Даже если выразить это в баскетбольных терминах, почти все обречены на проигрыш. Подавляющее большинство заключенных в Афинах, а теперь и здесь, в этом маленьком местечке лишения свободы, можно сказать, посвятили и детство, и юность исключительно баскетболу, и тем не менее всем им вышибли мозги на первых минутах какого-то треклятого дурацкого матча.
____________________Позвольте мне добавить, на тот случай, если книга все же попадется молодому читателю, что я мог вконец разрушить свое здоровье, вылететь из Мичиганского Университета и кончить жизнь где-нибудь под забором, если бы не прошел выучку в Уэст-Пойнте, с его военной дисциплиной. Я сейчас говорю о своем теле, а не о душе: и для молодого человека – ас недавних пор и для молодой девушки, – чтобы выучиться уважать свои кости, и нервы, и мускулы, нет ничего лучше, чем поступить в одну из 3-х главных военных академий.
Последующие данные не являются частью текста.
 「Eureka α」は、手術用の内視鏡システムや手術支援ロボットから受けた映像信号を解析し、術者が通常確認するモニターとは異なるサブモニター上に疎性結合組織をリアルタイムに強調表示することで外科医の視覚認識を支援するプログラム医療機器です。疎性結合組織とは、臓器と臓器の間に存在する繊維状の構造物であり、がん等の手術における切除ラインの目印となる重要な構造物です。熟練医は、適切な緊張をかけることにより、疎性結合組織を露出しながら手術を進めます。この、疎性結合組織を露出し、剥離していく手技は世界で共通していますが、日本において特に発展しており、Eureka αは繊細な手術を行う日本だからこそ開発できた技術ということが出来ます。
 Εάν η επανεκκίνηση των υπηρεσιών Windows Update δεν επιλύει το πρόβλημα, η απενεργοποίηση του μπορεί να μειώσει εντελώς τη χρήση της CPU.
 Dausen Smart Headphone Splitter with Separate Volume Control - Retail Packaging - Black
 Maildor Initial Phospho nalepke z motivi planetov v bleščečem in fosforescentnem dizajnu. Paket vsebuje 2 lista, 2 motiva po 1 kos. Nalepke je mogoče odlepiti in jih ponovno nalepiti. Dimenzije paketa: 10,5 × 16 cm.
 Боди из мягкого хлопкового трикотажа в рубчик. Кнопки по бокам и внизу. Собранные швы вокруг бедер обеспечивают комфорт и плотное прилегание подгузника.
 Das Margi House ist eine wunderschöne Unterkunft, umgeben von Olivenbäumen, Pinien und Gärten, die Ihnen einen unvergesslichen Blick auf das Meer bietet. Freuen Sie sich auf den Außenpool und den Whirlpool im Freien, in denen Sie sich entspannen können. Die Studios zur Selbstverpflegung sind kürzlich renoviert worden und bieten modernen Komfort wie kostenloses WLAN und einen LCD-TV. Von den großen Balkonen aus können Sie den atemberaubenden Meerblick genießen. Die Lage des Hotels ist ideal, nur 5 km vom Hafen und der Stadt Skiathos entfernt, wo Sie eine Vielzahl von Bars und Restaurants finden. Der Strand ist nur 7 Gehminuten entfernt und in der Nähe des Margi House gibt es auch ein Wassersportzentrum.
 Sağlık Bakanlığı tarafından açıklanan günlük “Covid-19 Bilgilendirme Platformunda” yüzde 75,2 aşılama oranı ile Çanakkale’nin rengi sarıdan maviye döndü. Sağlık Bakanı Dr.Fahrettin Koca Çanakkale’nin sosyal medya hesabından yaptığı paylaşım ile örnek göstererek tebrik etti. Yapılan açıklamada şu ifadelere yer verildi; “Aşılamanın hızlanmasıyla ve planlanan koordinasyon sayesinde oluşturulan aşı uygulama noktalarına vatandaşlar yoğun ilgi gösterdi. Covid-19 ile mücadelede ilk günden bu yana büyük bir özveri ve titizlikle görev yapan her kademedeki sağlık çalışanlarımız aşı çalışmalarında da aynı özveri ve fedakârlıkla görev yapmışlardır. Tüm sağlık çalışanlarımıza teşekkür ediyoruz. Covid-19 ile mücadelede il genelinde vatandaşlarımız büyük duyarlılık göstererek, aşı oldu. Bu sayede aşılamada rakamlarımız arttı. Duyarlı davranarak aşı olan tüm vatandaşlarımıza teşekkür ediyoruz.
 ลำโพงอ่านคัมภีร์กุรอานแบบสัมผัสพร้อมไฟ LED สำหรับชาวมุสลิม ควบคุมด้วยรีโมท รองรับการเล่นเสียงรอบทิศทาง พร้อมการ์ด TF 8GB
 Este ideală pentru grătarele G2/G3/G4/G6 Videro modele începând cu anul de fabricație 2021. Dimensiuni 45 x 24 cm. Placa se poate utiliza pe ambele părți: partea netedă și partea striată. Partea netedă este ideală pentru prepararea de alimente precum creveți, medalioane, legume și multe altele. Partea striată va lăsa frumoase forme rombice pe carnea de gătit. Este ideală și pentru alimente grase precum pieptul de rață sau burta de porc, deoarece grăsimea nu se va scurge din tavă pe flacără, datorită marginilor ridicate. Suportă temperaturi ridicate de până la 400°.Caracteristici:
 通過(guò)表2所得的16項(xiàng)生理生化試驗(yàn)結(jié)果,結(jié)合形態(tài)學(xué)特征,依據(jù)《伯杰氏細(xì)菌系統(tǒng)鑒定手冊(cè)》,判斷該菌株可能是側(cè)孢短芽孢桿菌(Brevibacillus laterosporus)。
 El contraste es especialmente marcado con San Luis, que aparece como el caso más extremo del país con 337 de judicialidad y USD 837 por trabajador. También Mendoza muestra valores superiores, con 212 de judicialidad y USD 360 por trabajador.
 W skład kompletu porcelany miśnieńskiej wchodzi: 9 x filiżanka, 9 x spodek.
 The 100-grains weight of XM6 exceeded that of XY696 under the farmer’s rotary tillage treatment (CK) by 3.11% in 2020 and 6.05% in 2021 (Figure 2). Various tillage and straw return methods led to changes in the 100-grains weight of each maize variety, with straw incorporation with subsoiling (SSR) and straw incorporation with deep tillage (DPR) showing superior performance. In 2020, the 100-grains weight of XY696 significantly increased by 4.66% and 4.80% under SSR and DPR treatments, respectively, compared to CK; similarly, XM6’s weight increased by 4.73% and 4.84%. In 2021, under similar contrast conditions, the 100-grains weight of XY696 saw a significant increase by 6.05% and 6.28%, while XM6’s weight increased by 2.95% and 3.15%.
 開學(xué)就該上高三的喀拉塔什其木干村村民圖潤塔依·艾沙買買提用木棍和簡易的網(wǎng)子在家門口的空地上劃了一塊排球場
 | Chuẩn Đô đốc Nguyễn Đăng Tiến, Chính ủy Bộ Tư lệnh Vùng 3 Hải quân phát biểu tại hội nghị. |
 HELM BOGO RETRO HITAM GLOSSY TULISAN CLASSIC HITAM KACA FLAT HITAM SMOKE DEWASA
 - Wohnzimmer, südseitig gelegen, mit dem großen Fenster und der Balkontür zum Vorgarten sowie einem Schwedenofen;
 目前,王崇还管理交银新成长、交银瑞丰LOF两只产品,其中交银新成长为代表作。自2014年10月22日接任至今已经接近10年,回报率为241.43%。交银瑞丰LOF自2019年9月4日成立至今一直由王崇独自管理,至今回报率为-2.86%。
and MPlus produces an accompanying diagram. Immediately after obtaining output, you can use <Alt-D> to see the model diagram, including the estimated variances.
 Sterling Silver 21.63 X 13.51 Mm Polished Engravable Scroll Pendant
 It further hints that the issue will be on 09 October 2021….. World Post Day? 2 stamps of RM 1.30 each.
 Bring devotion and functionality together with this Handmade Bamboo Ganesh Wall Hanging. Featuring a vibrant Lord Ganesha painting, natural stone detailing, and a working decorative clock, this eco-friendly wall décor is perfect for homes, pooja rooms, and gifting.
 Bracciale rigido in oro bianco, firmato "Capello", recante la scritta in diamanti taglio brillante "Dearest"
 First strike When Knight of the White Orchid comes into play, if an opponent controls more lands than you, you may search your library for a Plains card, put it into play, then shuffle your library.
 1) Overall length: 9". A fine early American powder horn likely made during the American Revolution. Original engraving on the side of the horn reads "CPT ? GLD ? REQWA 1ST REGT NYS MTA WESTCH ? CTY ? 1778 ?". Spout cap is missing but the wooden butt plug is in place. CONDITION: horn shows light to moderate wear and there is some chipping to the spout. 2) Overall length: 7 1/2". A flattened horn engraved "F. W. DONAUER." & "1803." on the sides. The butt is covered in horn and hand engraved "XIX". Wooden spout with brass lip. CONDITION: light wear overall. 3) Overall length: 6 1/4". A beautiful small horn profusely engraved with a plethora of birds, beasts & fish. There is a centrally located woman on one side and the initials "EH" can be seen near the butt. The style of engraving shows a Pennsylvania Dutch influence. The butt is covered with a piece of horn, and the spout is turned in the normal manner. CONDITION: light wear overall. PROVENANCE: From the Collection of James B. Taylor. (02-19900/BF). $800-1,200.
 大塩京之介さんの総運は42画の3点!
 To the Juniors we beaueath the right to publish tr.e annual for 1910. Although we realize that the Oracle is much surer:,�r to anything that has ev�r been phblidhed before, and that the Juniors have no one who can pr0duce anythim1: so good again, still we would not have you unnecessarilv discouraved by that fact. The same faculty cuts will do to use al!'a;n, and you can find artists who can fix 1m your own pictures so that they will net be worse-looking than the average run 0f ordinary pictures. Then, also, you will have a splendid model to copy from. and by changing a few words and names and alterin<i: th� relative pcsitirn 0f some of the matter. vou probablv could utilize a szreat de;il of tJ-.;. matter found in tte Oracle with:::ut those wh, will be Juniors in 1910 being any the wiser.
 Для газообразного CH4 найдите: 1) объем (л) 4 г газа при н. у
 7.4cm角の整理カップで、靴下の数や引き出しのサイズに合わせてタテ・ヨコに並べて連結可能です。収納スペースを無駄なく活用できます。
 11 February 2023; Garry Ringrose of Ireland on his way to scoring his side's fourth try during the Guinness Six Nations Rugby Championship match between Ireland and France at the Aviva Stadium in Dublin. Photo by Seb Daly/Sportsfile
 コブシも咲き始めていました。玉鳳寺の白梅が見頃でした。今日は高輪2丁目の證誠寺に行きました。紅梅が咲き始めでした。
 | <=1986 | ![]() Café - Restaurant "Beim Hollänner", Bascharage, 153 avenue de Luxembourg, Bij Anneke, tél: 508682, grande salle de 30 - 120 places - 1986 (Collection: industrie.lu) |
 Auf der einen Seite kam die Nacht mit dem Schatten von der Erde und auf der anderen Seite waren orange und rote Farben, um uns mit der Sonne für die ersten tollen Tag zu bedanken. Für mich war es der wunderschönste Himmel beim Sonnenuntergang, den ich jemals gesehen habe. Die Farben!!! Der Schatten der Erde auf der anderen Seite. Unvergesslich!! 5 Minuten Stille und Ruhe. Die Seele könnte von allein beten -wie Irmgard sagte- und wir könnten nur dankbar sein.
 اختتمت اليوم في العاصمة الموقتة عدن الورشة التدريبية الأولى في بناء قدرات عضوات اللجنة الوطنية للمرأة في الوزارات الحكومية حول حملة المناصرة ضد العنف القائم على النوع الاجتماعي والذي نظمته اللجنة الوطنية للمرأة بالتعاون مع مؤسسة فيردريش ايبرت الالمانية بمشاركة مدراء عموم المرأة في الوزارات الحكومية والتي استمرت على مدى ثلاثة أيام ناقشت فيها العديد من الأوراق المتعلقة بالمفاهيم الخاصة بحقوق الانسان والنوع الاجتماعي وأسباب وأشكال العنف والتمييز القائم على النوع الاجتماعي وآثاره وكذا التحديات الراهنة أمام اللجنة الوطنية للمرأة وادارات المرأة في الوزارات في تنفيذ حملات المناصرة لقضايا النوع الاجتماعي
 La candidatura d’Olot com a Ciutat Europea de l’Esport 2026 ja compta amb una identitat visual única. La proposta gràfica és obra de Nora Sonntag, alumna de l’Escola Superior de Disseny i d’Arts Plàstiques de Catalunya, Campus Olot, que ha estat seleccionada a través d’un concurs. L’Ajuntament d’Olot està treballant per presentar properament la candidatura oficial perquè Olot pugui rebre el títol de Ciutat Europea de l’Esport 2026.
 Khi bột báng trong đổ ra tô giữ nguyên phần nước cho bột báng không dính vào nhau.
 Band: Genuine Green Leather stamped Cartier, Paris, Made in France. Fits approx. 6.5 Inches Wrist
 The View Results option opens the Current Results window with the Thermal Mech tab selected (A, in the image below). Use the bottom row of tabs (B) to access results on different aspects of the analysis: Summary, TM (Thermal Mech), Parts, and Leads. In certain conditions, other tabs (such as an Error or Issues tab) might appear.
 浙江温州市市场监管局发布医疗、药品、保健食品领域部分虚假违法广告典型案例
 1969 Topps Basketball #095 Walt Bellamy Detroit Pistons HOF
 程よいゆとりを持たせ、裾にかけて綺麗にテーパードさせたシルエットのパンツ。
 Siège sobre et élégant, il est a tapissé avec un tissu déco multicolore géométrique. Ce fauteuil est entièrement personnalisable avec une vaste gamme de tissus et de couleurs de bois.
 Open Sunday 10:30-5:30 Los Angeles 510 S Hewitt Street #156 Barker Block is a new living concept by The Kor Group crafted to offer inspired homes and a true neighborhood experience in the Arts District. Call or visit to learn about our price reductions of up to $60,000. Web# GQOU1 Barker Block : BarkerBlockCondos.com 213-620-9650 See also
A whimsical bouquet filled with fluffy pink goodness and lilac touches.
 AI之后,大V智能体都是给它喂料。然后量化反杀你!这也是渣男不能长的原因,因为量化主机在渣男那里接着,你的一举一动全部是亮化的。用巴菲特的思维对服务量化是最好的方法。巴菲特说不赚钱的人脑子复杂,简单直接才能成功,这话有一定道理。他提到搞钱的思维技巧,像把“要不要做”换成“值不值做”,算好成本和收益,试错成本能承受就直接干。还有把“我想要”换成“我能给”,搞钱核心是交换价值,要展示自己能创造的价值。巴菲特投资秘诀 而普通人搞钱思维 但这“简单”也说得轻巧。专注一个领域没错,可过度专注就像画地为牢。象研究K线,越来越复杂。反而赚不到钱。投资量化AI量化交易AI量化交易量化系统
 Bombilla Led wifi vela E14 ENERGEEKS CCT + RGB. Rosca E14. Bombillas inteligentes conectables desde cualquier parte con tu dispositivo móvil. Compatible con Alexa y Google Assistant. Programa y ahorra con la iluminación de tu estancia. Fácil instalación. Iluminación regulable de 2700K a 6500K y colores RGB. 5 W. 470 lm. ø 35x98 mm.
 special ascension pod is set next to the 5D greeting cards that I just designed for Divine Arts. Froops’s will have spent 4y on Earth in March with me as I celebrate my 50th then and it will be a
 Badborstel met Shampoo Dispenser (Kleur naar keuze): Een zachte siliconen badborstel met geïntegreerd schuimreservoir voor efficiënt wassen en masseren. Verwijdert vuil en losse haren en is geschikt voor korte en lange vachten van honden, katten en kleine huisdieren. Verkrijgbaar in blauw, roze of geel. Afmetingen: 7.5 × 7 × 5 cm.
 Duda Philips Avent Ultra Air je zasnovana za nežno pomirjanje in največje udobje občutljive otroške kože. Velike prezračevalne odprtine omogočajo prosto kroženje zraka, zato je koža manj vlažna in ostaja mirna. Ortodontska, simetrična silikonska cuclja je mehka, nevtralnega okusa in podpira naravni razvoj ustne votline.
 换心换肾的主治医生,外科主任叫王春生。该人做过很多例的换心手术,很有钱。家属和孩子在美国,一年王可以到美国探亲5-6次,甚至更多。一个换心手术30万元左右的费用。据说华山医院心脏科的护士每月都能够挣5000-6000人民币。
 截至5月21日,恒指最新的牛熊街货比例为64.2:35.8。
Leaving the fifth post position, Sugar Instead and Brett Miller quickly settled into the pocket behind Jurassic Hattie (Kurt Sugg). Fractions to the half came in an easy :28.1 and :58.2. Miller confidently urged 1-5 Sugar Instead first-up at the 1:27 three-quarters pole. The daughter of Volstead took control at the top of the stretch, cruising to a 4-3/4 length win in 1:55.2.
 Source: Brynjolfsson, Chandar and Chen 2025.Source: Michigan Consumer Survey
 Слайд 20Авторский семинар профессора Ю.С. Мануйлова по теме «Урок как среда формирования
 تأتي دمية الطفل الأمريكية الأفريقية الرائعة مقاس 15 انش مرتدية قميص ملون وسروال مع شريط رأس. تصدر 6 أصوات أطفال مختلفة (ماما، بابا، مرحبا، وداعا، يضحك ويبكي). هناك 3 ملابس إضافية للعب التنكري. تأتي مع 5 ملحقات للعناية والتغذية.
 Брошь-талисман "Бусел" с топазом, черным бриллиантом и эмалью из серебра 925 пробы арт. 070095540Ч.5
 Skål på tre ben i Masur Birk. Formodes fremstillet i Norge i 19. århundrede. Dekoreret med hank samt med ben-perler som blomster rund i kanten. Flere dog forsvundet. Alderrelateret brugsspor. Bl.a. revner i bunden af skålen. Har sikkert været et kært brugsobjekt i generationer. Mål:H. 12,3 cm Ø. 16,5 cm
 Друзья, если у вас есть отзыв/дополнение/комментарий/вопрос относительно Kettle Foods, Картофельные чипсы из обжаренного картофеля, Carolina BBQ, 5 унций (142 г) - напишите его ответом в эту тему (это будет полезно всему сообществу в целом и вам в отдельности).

Я поступил в Уэст-Пойнт заморышем, сутулым, со впалой грудью, я в жизни не занимался спортом – если не считать нескольких потасовок после танцев, где играл наш джаз-банд. Когда я кончил Академию и мне присвоили чин младшего лейтенанта регулярной армии, и я ходил щеголем, и купил красный «Корветт» на средства, скопленные для меня Академией за время моей учебы, – спина у меня была прямая, как струна, легкие мощные, как мехи в кузнице Вулкана, я был капитаном 2-х команд – вольной борьбы и дзюдо, и не выкурил ни единой сигареты и не проглотил ни капли спиртного за 4 полных года! Да и моя сексуальная озабоченность отошла в прошлое. Я не чувствовал себя так великолепно никогда, за всю свою жизнь.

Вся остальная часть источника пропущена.